遺跡から離れ、村へ向かう道中、リクは古書の表紙を見つめた。中をめくると、書かれている文字の大部分は難解で理解できなかったが、特定のページだけが不思議と頭に入ってきた。それは、影ウサギのような「亡霊的な種族」に関する記述だった。

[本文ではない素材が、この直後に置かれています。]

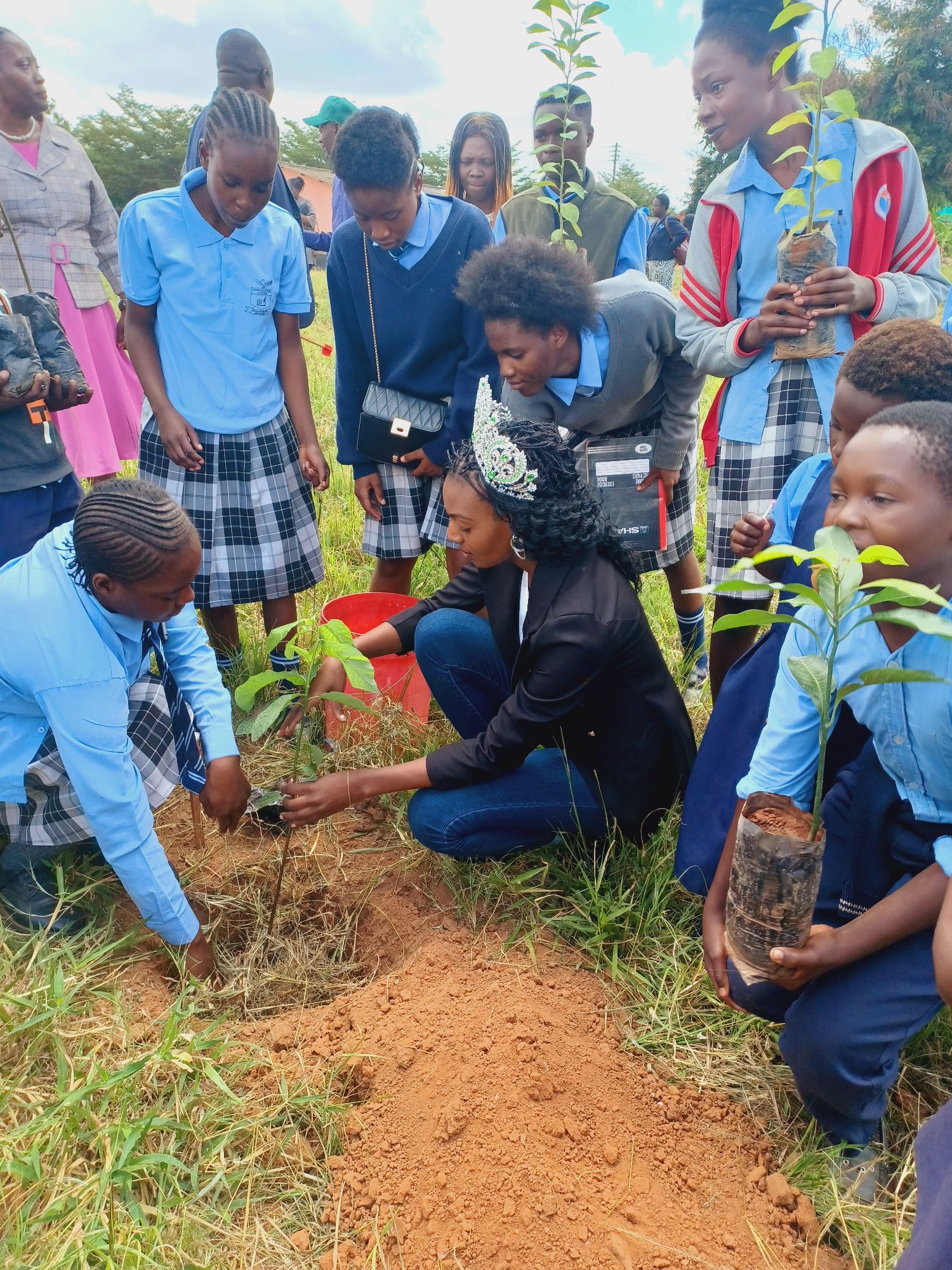 We took this task on with asked Miss Earth to come along and speak to the school children at Munkolo School in Lusaka. When given the chance to grow and mature, trees contribute immeasurably to the environment and society. Some of their key long-term benefits include:

「この種族は特定の術式によってその霊的な存在を支配することが可能だ……?」
リクはぼんやりとその内容を読み取った。なぜこの部分だけが理解できるのか、自分でも説明できなかったが、今はそれを考える余裕はなかった。
「これなら……なんとかなるかもしれない。」
彼は本を閉じ、少しずつ息を整えながら歩みを進めた。
翌朝、リクは決意を新たに再び遺跡を訪れることを決めた。影ウサギがまだ自分を狙っているのならば、この書物に記された術式を試すしかない。たとえそれが自分の未熟な力でできるかどうか不安であっても、今はそれ以外に道はなかった。
「この古書……俺にも扱えるだろうか。」
リクはつぶやきながら、ゆっくりと遺跡への道を進んでいった。